This chapter reminded me to think outside of the box, to evaluate the read alouds I currently have read, and to think about different genres, as well as the time spent on read alouds. Currently, I teach third grade and love using picture books to build reading strategies. I also love chapter books which capture children's attention, promote discussion, and build community. A Nest for Celeste by Henry Cole has been a favorite of mine and the children for the last couple of years. It is about friendships, ups and downs, and has some historical fiction elements in it along with a animals that talk throughout this adventure. Children really relate to the mouse's survival against others, weather, and circumstances.
I've really been thinking about my time spent on read alouds and the quality of discussion. When reading Humphrey as our school-wide reading selection, I realized that I wasn't going to be able to read aloud picture books in my language arts block and complete Humphrey in our allotted time frame.
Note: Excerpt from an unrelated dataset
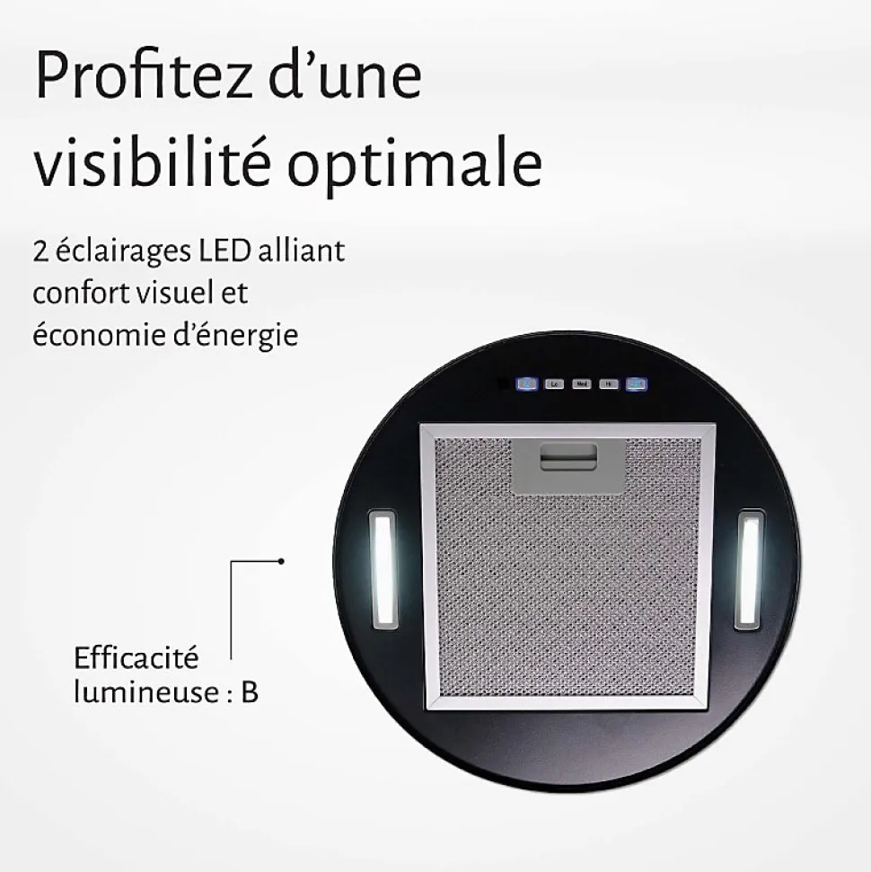 - Hotte à recyclage, équipée d’une télécommande et d’un éclairage puissant. Filtres à graisse en aluminium : lavables en lave-vaisselle.

So...I used my chapter book as my read aloud, focused on strategies, and made a four-square graphic organizer to support my instruction and discussion. I am thinking I will alternate between chapter books and picture books in order to give them the proper time for discussion.
I am thinking about reading Who Was Dr. Seuss? since a new book just came out by him. I also would like to read an I Survived book and other nonfiction books. Definitely want to broaden my types of read alouds and plan them out throughout the quarters.
There were plenty of challenges for me in this chapter. I can't utilize all his suggestions in my role as a reading specialist, but many apply. I definitely have preferred genres that I read aloud, and I recognize the need to branch out. Specifically, non-fiction is not something I typically choose to read aloud, unless we're working on author's message or research skills. I can work on that. I don't think it would be appropriate for me to read chapter books aloud in the 30 minute segments of time that I have each day with most groups, but I can work on the "listening up" concept. And another challenge for me will be to consider each group and decide on books based on what will engage them, rather than what I've used in the past or what excites me! It will definitely take more planning time, but I understand the value.
I identified with the comment made by Bernadette Dwyer in her position statement that Dr. Layne included in this chapter. She referred to her experience of being worried when she saw her principal had slipped into the room and was seeing her read aloud. Since I'm not a classroom teacher, I often feel like I should explain how reading aloud fits in my lesson plan when an administrator enters the room, lest it be misunderstood.
As for read-alouds that I may use, I'll simply mention a few authors whose books I've used to teach comprehension strategies: Jim Arnosky - visualization, Patricia Polacco-- author's message, Mo Willems-- cause and effect, Kevin Henkes- sequencing, Lester Laminack-- story elements.... to name a few.
A confession – I am a genre-hater, although after some reflection I realized that I branch out more with my classroom read-aloud choices that I do with my own personal reading. For example, I don’t read any fantasy myself with the exception of Harry Potter, but I regularly read from Road Dahl (The BFG, Charlie and the Chocolate Factory) in my classroom. My personal reading of choice is almost entirely mystery/suspense//thriller, but I can’t recall a single mystery I’ve ever read aloud except for a Cam Jansen many years ago. And I also devote some time to reading poetry each year, another genre I rarely (never) read outside of the classroom. My read aloud choices do tend to be heavily realistic fiction with predominantly male characters. The challenge to vary books according to groups and incorporate new read-alouds is one I need. My read-aloud choices generally encourage students to listen-up.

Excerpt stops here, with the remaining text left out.